Segment Open

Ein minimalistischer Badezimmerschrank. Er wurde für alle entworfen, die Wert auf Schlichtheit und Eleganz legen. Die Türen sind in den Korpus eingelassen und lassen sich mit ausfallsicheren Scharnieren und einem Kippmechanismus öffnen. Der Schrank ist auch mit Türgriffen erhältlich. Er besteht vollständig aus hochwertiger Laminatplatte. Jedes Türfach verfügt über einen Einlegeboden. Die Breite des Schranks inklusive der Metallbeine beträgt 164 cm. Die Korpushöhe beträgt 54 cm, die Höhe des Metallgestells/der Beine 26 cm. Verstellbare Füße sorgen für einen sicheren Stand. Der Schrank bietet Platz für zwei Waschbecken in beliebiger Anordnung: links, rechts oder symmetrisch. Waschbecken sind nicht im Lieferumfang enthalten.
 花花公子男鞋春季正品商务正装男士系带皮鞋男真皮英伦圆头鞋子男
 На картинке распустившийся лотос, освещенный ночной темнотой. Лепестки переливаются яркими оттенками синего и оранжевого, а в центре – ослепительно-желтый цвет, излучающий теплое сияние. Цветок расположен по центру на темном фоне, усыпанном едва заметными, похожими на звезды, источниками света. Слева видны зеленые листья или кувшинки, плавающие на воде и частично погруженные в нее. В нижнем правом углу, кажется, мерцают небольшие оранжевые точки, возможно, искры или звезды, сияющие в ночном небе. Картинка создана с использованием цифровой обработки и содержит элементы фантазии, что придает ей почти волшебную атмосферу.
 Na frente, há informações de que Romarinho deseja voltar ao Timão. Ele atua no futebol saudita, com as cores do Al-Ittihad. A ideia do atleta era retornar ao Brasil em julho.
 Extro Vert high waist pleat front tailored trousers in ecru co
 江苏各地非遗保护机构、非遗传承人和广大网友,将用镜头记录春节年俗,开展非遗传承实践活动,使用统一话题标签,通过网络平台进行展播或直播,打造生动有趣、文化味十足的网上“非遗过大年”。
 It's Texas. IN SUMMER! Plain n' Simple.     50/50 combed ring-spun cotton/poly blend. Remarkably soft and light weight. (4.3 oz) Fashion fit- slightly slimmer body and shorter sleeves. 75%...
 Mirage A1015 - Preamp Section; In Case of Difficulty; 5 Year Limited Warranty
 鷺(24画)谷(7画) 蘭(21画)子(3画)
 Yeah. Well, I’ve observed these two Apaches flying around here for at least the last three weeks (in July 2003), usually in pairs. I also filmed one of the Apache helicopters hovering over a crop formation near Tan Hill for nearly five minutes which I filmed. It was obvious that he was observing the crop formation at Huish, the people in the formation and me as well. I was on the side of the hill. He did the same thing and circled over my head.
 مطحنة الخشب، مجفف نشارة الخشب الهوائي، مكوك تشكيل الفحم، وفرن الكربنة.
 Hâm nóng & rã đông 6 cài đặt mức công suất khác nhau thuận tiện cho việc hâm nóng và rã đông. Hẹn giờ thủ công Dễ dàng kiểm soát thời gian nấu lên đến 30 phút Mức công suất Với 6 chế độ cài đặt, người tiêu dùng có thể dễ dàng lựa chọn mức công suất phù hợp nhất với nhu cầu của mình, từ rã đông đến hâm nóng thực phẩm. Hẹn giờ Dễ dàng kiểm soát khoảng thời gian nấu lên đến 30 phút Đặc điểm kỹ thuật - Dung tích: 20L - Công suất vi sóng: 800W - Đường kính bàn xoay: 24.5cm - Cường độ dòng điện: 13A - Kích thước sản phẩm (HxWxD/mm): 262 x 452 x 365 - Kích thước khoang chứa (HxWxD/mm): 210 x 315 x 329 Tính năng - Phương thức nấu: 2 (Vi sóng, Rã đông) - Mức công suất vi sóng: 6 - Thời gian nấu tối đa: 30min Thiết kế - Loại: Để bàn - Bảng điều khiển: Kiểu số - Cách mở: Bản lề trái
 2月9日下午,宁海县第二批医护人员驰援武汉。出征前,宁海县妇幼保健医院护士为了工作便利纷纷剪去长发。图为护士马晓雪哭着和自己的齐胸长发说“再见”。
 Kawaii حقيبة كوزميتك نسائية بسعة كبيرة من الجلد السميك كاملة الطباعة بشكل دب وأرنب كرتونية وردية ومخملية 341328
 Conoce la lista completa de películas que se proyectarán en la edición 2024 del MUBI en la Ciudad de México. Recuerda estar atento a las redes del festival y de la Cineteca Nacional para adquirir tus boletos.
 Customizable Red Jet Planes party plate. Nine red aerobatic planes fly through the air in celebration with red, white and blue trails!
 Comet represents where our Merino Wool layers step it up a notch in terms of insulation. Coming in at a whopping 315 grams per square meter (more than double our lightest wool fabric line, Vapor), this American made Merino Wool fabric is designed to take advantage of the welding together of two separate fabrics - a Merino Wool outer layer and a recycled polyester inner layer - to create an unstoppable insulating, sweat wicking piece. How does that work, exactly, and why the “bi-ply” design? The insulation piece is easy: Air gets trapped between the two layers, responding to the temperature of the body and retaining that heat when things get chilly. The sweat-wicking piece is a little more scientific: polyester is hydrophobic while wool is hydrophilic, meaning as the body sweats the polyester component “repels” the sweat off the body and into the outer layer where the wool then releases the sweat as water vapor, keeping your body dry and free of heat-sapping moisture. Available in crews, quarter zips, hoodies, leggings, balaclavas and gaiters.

Segment Closed

* Required action
Line by line, repeat the material precisely.

* Your solution
Ein minimalistischer Badezimmerschrank. Er wurde für alle entworfen, die Wert auf Schlichtheit und Eleganz legen. Die Türen sind in den Korpus eingelassen und lassen sich mit ausfallsicheren Scharnieren und einem Kippmechanismus öffnen. Der Schrank ist auch mit Türgriffen erhältlich. Er besteht vollständig aus hochwertiger Laminatplatte. Jedes Türfach verfügt über einen Einlegeboden. Die Breite des Schranks inklusive der Metallbeine beträgt 164 cm. Die Korpushöhe beträgt 54 cm, die Höhe des Metallgestells/der Beine 26 cm. Verstellbare Füße sorgen für einen sicheren Stand. Der Schrank bietet Platz für zwei Waschbecken in beliebiger Anordnung: links, rechts oder symmetrisch. Waschbecken sind nicht im Lieferumfang enthalten.
 花花公子男鞋春季正品商务正装男士系带皮鞋男真皮英伦圆头鞋子男
 На картинке распустившийся лотос, освещенный ночной темнотой. Лепестки переливаются яркими оттенками синего и оранжевого, а в центре – ослепительно-желтый цвет, излучающий теплое сияние. Цветок расположен по центру на темном фоне, усыпанном едва заметными, похожими на звезды, источниками света. Слева видны зеленые листья или кувшинки, плавающие на воде и частично погруженные в нее. В нижнем правом углу, кажется, мерцают небольшие оранжевые точки, возможно, искры или звезды, сияющие в ночном небе. Картинка создана с использованием цифровой обработки и содержит элементы фантазии, что придает ей почти волшебную атмосферу.
 Na frente, há informações de que Romarinho deseja voltar ao Timão. Ele atua no futebol saudita, com as cores do Al-Ittihad. A ideia do atleta era retornar ao Brasil em julho.
 Extro Vert high waist pleat front tailored trousers in ecru co
 江苏各地非遗保护机构、非遗传承人和广大网友,将用镜头记录春节年俗,开展非遗传承实践活动,使用统一话题标签,通过网络平台进行展播或直播,打造生动有趣、文化味十足的网上“非遗过大年”。
 It's Texas. IN SUMMER! Plain n' Simple.     50/50 combed ring-spun cotton/poly blend. Remarkably soft and light weight. (4.3 oz) Fashion fit- slightly slimmer body and shorter sleeves. 75%...
 Mirage A1015 - Preamp Section; In Case of Difficulty; 5 Year Limited Warranty
 鷺(24画)谷(7画) 蘭(21画)子(3画)
 Yeah. Well, I’ve observed these two Apaches flying around here for at least the last three weeks (in July 2003), usually in pairs. I also filmed one of the Apache helicopters hovering over a crop formation near Tan Hill for nearly five minutes which I filmed. It was obvious that he was observing the crop formation at Huish, the people in the formation and me as well. I was on the side of the hill. He did the same thing and circled over my head.
 مطحنة الخشب، مجفف نشارة الخشب الهوائي، مكوك تشكيل الفحم، وفرن الكربنة.
 Hâm nóng & rã đông 6 cài đặt mức công suất khác nhau thuận tiện cho việc hâm nóng và rã đông. Hẹn giờ thủ công Dễ dàng kiểm soát thời gian nấu lên đến 30 phút Mức công suất Với 6 chế độ cài đặt, người tiêu dùng có thể dễ dàng lựa chọn mức công suất phù hợp nhất với nhu cầu của mình, từ rã đông đến hâm nóng thực phẩm. Hẹn giờ Dễ dàng kiểm soát khoảng thời gian nấu lên đến 30 phút Đặc điểm kỹ thuật - Dung tích: 20L - Công suất vi sóng: 800W - Đường kính bàn xoay: 24.5cm - Cường độ dòng điện: 13A - Kích thước sản phẩm (HxWxD/mm): 262 x 452 x 365 - Kích thước khoang chứa (HxWxD/mm): 210 x 315 x 329 Tính năng - Phương thức nấu: 2 (Vi sóng, Rã đông) - Mức công suất vi sóng: 6 - Thời gian nấu tối đa: 30min Thiết kế - Loại: Để bàn - Bảng điều khiển: Kiểu số - Cách mở: Bản lề trái
 2月9日下午,宁海县第二批医护人员驰援武汉。出征前,宁海县妇幼保健医院护士为了工作便利纷纷剪去长发。图为护士马晓雪哭着和自己的齐胸长发说“再见”。
 Kawaii حقيبة كوزميتك نسائية بسعة كبيرة من الجلد السميك كاملة الطباعة بشكل دب وأرنب كرتونية وردية ومخملية 341328
 Conoce la lista completa de películas que se proyectarán en la edición 2024 del MUBI en la Ciudad de México. Recuerda estar atento a las redes del festival y de la Cineteca Nacional para adquirir tus boletos.
 Customizable Red Jet Planes party plate. Nine red aerobatic planes fly through the air in celebration with red, white and blue trails!
 Comet represents where our Merino Wool layers step it up a notch in terms of insulation. Coming in at a whopping 315 grams per square meter (more than double our lightest wool fabric line, Vapor), this American made Merino Wool fabric is designed to take advantage of the welding together of two separate fabrics - a Merino Wool outer layer and a recycled polyester inner layer - to create an unstoppable insulating, sweat wicking piece. How does that work, exactly, and why the “bi-ply” design? The insulation piece is easy: Air gets trapped between the two layers, responding to the temperature of the body and retaining that heat when things get chilly. The sweat-wicking piece is a little more scientific: polyester is hydrophobic while wool is hydrophilic, meaning as the body sweats the polyester component “repels” the sweat off the body and into the outer layer where the wool then releases the sweat as water vapor, keeping your body dry and free of heat-sapping moisture. Available in crews, quarter zips, hoodies, leggings, balaclavas and gaiters.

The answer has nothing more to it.